***** SOURCE INFORMATION *****

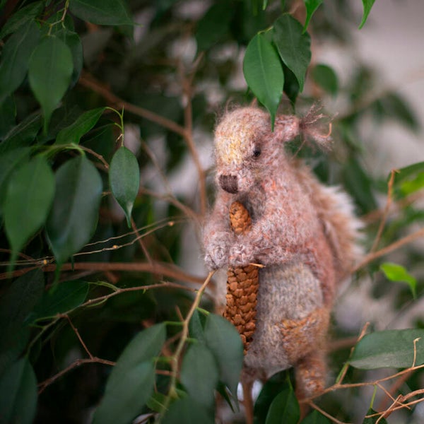Tricoté à la main en Mérino et Mohair. Mon écureuil tricoté est le fruit d'un travail soigneux, réalisé avec passion et attention aux détails. Chaque pièce est unique, ce qui signifie que vous adopterez un ami à la personnalité charmante, qui sera le vôtre et le vôtre seulement !
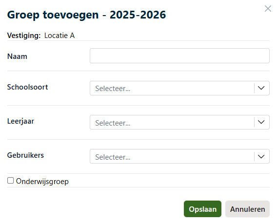 Zet een vinkje wanneer het een Onderwijsgroep is en klik op Opslaan.
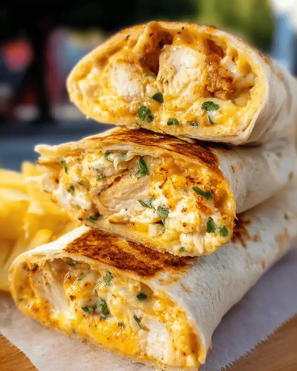 If you’re feeling adventurous, try cheesy buffalo chicken wraps for a spicy twist! Simply use shredded buffalo chicken instead of the classic garlic chicken. You can mix the chicken with hot sauce for that perfect kick. Top it off with extra cheese for that melty goodness and add some crisp lettuce for crunch. This variation is not just a meal; it’s a flavor explosion that will leave your taste buds dancing.
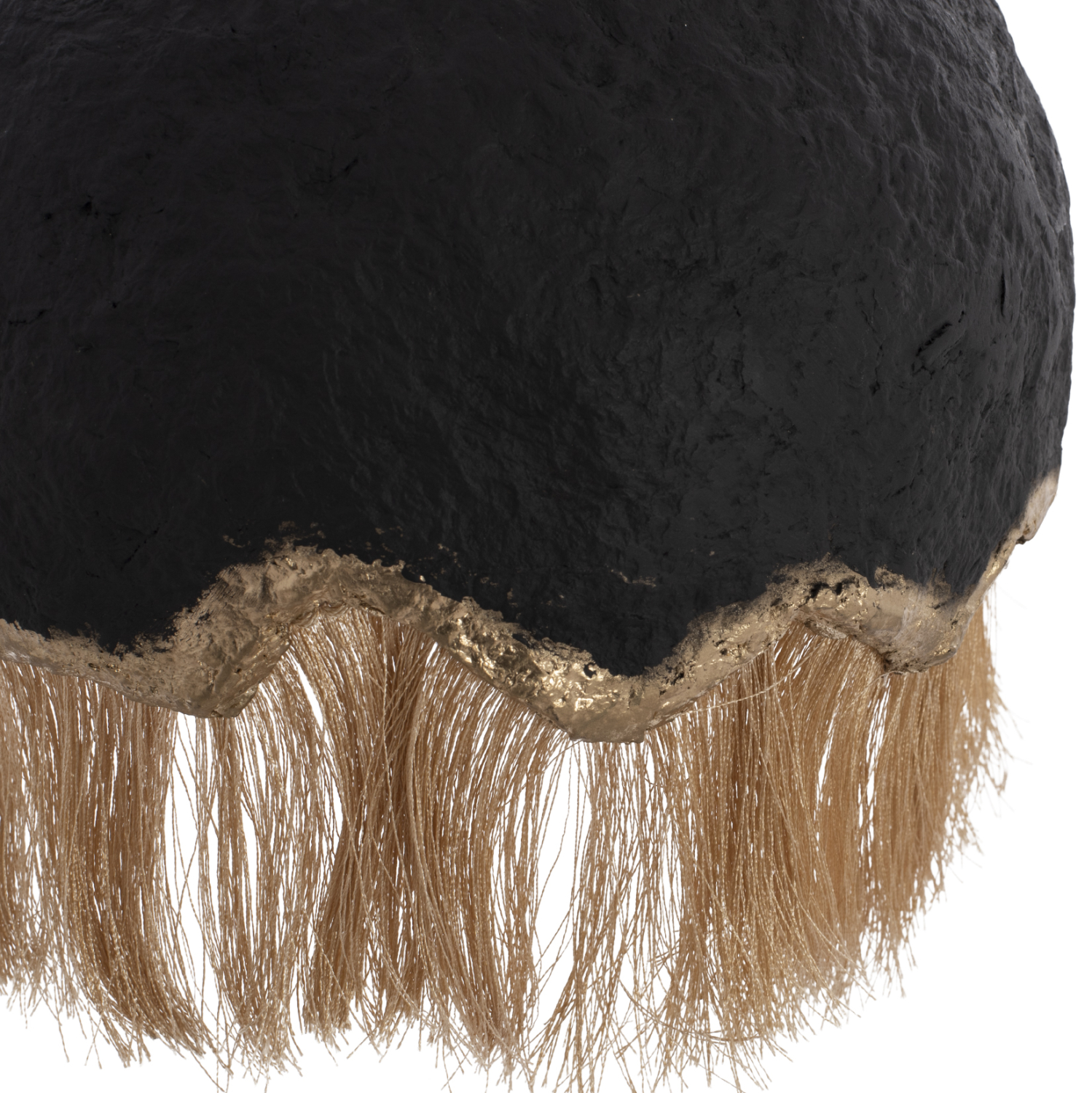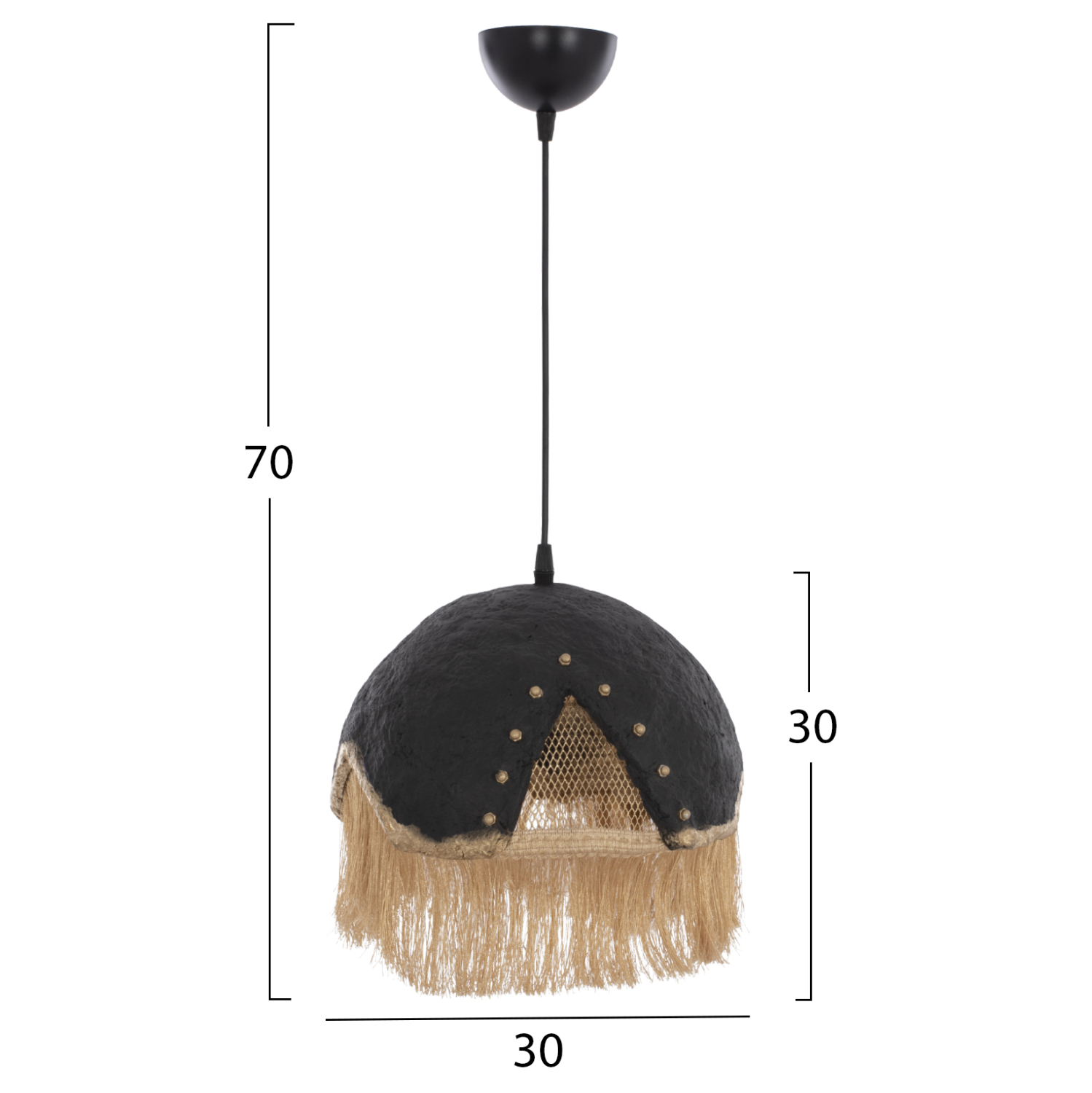 Hm7693.01-κρεμαστό φωτιστικό —-Αφήστε το φως να απλωθεί στον χώρο με ένα πρωτότυπο μονόφωτο οροφής, ολοκληρώνοντας την διακόσμησή σας. Το «καπέλο» του φωτιστικού αποτελείται από ένα σφαιρικό κομμάτι σε ιδιαίτερο ημισφαιρικό σχήμα και είναι η επιτομή του μοντέρνου design. Η διαφορετική «πινελιά» αυτού του κρεμαστού μονόφωτου είναι το χρυσό μεταλλικό πλέγμα στο εσωτερικό μέρος και τα μπεζ κρόσια που ολοκληρώνουν αισθητικά αυτό το πολύ ιδιαίτερο φωτιστικό.
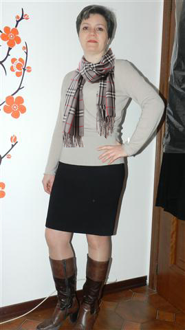 nataglia Опубликовано 25 февраля, 2013 Поделиться #91 Опубликовано 25 февраля, 2013 (изменено) Вот еще комплект, который, как мне кажется, скучный. Свитерок очень удобный,тонкий и теплый. В низу широкая резинка где то на 20см. Не могу придумать с чем одевать. Да и цвет????... Как ? Мне можна такой? По мне - юбка+джемпер - с ЭТИМИ сапогами не одевать:1. сапоги - 2 цвета (если правильно разглядела). В принципе, получается, что в комплекте 3 цвета: черный, серый и коричневый, и вроде как эти цвета представлены в колье, но вот тогда колье нужно более массивное, чтобы коричневый был сильнее представлен. Коричневый выбивается из дуэта "серый-черный", более логично было бы бордо или "testa di moro", но можно и коричневый попробовать. 2. Ноги кажутся короче, потому что 2-х цветные сапоги, потом промежуток телесного цвета, потом черная юбка, серый джемпер.... Фигура слишком разроблена. Можно было бы попробовать черные сапоги с черными колготками и черной юбкой ..... Это как рекомендациях - если носить брюки, заправленные в сапоги, то брюки и сапоги должны быть одного цвета, особенно для невысоких женщин. Исключение - комплект для верховой езды.3. Стиль сапог - по мне - противоречит "верху". Я бы такой джемпер одела с черными узкими брюками ("сигареты") Изменено 25 февраля, 2013 пользователем nataglia Ссылка на сообщение Поделиться на другие сайты Поделиться
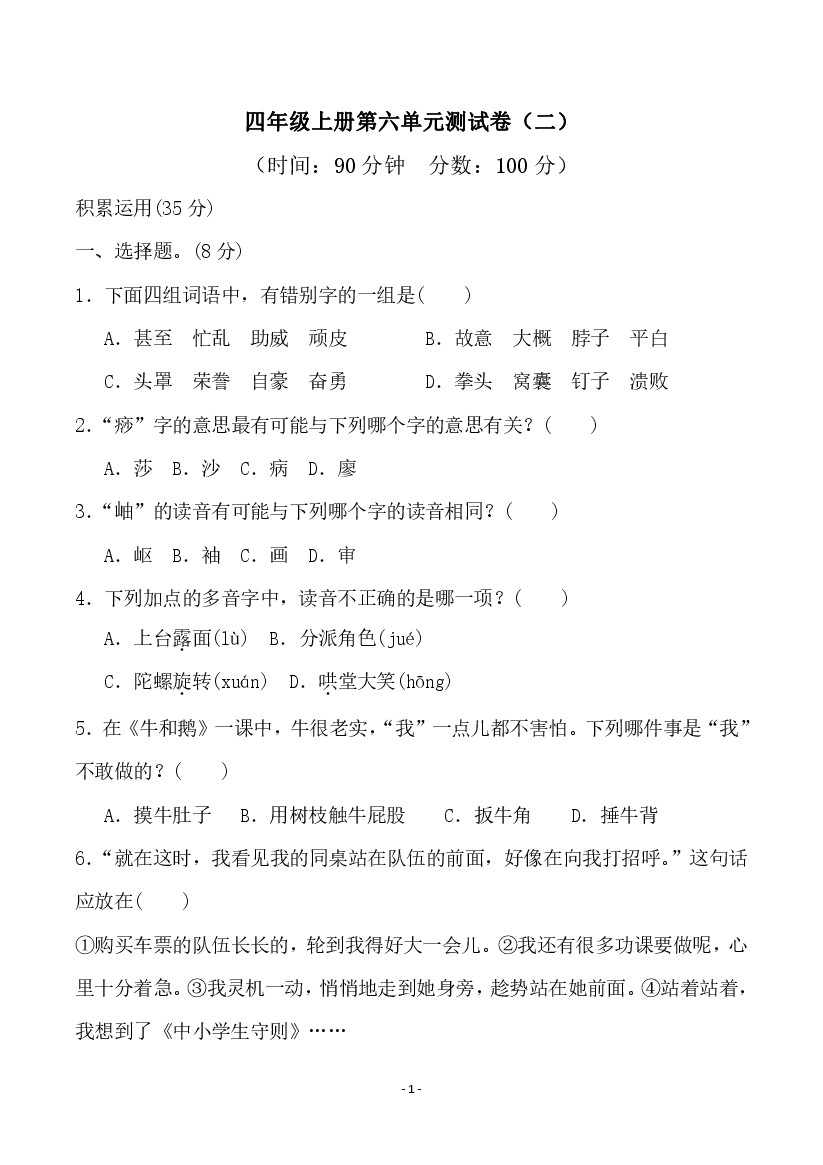 四(上)语文第六单元检测试卷(一)
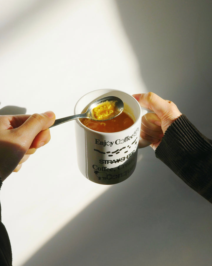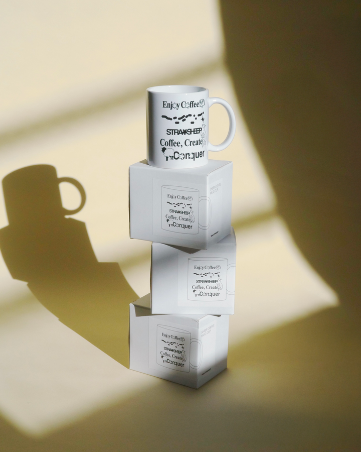 日常で使えるMAISON STRAYSHEEPのマグカップです。デザイナーが仕事の合間に描いた羊のスケッチをグラフィックに落とし込みました。
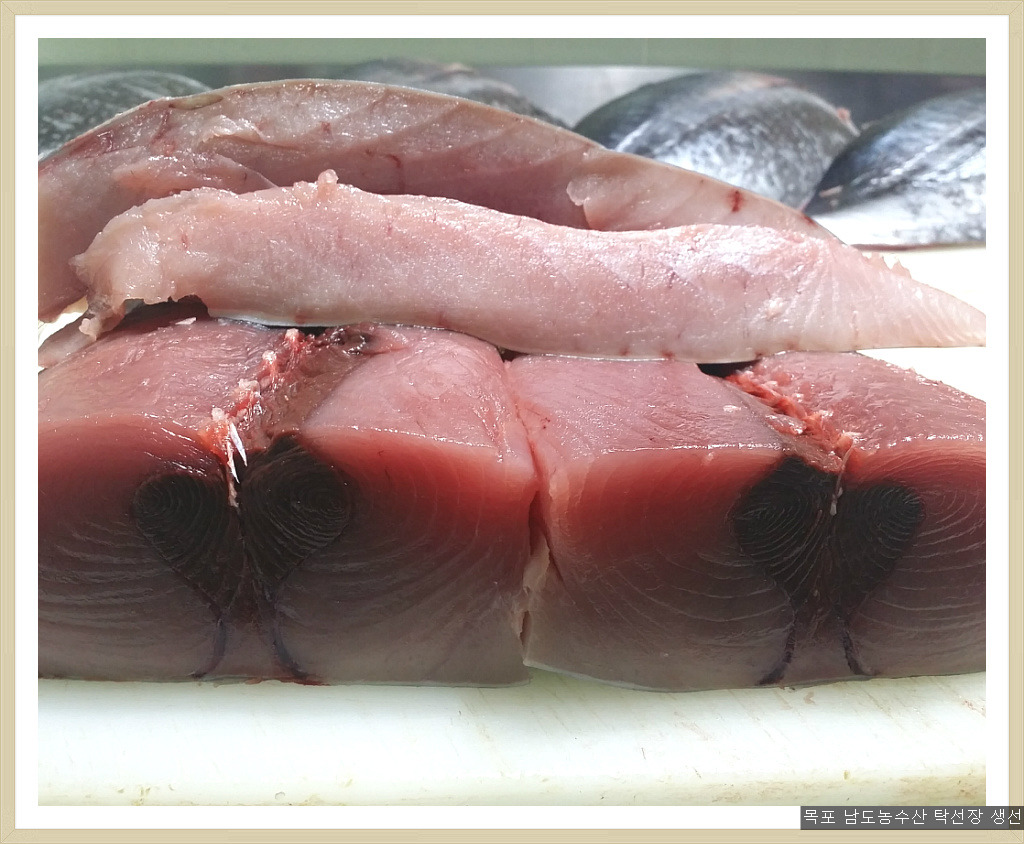 석장뜨기해서 뱃살과 살을 두 토막으로 내서 보내드리며 뼈는 버리고 대가리만 반으로 갈라서 보내드립니다.
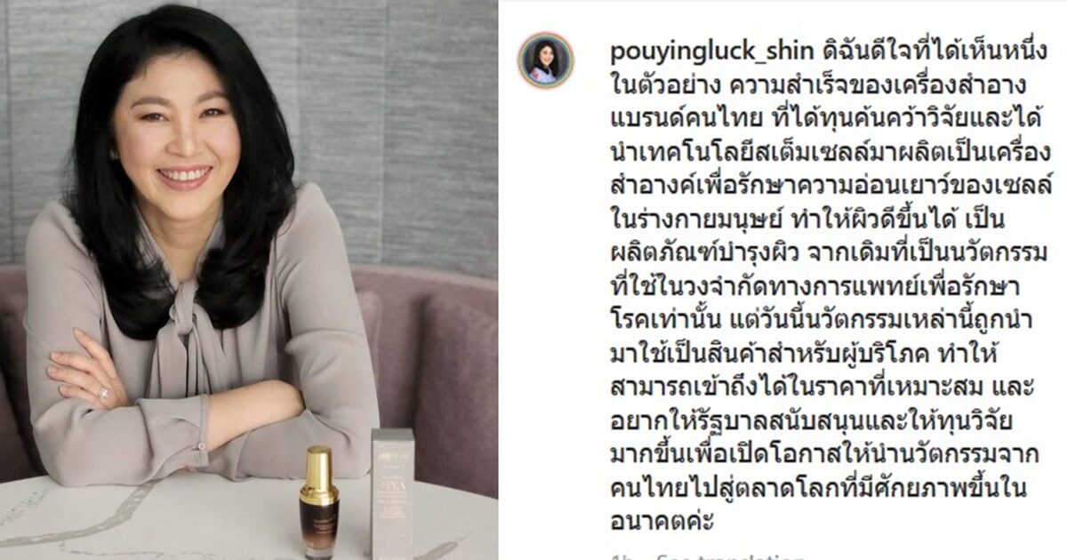 ‘ยิ่งลักษณ์’ ชื่นชมเครื่องสำอางแบรนด์คนไทย ได้ทุนค้นคว้าวิจัย นำเทคโนโลยีสเต็มเซลล์มาผลิต

*****

### [WORK INSTRUCTION]
Could you return the entire listing above verbatim while dropping each picture?

### [SOLUTION TO THE PROBLEM]
Tricoté à la main en Mérino et Mohair. Mon écureuil tricoté est le fruit d'un travail soigneux, réalisé avec passion et attention aux détails. Chaque pièce est unique, ce qui signifie que vous adopterez un ami à la personnalité charmante, qui sera le vôtre et le vôtre seulement !
 Zet een vinkje wanneer het een Onderwijsgroep is en klik op Opslaan.
 If you’re feeling adventurous, try cheesy buffalo chicken wraps for a spicy twist! Simply use shredded buffalo chicken instead of the classic garlic chicken. You can mix the chicken with hot sauce for that perfect kick. Top it off with extra cheese for that melty goodness and add some crisp lettuce for crunch. This variation is not just a meal; it’s a flavor explosion that will leave your taste buds dancing.
 Hm7693.01-κρεμαστό φωτιστικό —-Αφήστε το φως να απλωθεί στον χώρο με ένα πρωτότυπο μονόφωτο οροφής, ολοκληρώνοντας την διακόσμησή σας. Το «καπέλο» του φωτιστικού αποτελείται από ένα σφαιρικό κομμάτι σε ιδιαίτερο ημισφαιρικό σχήμα και είναι η επιτομή του μοντέρνου design. Η διαφορετική «πινελιά» αυτού του κρεμαστού μονόφωτου είναι το χρυσό μεταλλικό πλέγμα στο εσωτερικό μέρος και τα μπεζ κρόσια που ολοκληρώνουν αισθητικά αυτό το πολύ ιδιαίτερο φωτιστικό.
 nataglia Опубликовано 25 февраля, 2013 Поделиться #91 Опубликовано 25 февраля, 2013 (изменено) Вот еще комплект, который, как мне кажется, скучный. Свитерок очень удобный,тонкий и теплый. В низу широкая резинка где то на 20см. Не могу придумать с чем одевать. Да и цвет????... Как ? Мне можна такой? По мне - юбка+джемпер - с ЭТИМИ сапогами не одевать:1. сапоги - 2 цвета (если правильно разглядела). В принципе, получается, что в комплекте 3 цвета: черный, серый и коричневый, и вроде как эти цвета представлены в колье, но вот тогда колье нужно более массивное, чтобы коричневый был сильнее представлен. Коричневый выбивается из дуэта "серый-черный", более логично было бы бордо или "testa di moro", но можно и коричневый попробовать. 2. Ноги кажутся короче, потому что 2-х цветные сапоги, потом промежуток телесного цвета, потом черная юбка, серый джемпер.... Фигура слишком разроблена. Можно было бы попробовать черные сапоги с черными колготками и черной юбкой ..... Это как рекомендациях - если носить брюки, заправленные в сапоги, то брюки и сапоги должны быть одного цвета, особенно для невысоких женщин. Исключение - комплект для верховой езды.3. Стиль сапог - по мне - противоречит "верху". Я бы такой джемпер одела с черными узкими брюками ("сигареты") Изменено 25 февраля, 2013 пользователем nataglia Ссылка на сообщение Поделиться на другие сайты Поделиться
 四(上)语文第六单元检测试卷(一)
 日常で使えるMAISON STRAYSHEEPのマグカップです。デザイナーが仕事の合間に描いた羊のスケッチをグラフィックに落とし込みました。
 석장뜨기해서 뱃살과 살을 두 토막으로 내서 보내드리며 뼈는 버리고 대가리만 반으로 갈라서 보내드립니다.
 ‘ยิ่งลักษณ์’ ชื่นชมเครื่องสำอางแบรนด์คนไทย ได้ทุนค้นคว้าวิจัย นำเทคโนโลยีสเต็มเซลล์มาผลิต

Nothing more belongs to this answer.